Dr Daniel Sankaire, a reproductive health specialist at the Kajiado County Referral Hospital says that the targeted outreaches have provided them with an opportunity to meet with the rural women who mostly depended on traditional midwives while expectant leading to maternal deaths from childbirth complications which cannot be fully addressed by the midwives.

He noted that through the health education forums they carry out during the target outreaches, the rural women are now informed on when to start antenatal clinics and through screening their problems are identified early in pregnancy leading to positive outcomes.
Mary Mathenge, Amref Health Kenya personnel and the team lead for Africa CDC in Kenya underscored the importance of the outreach programmes saying that they have also been effective in dealing with the recent measles and cholera outbreaks in Kajiado.

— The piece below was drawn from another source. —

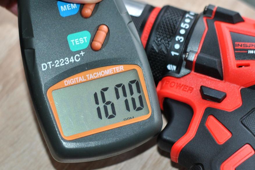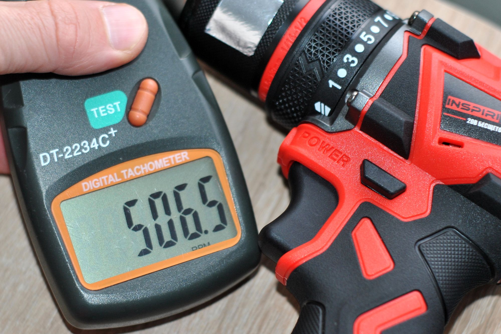 Шуруповерт на холостых оборотах кажется довольно резвым, проверим скорости вращения бесконтактным тахометром (2 положения редуктора):

“We have also embraced the one health approach where we bring together the human, animal and environmental health to address public health challenges facing Kajiado residents. This is a very critical programme in Kajiado as we have realised that 75 per cent of the diseases and outbreaks in the county are zoonotic-related. Due to that, we felt that it was important to tackle them together as they are all interconnected,” she said
Mathenge revealed that the Savings Lives and Livelihoods programme has so far successfully supported 82 One Health outreaches and 111 integrated medical outreaches through 78 health facilities reaching last-mile communities.
“This has been made possible through the holistic approach whereby since now this is a pastoralist community and their biggest priority is animals, we ensure that we also show them that we are also concerned with the animals and we get closer and educate them on health and the importance of why they should look after their own health and prevent the spread of diseases,” said Mathenge.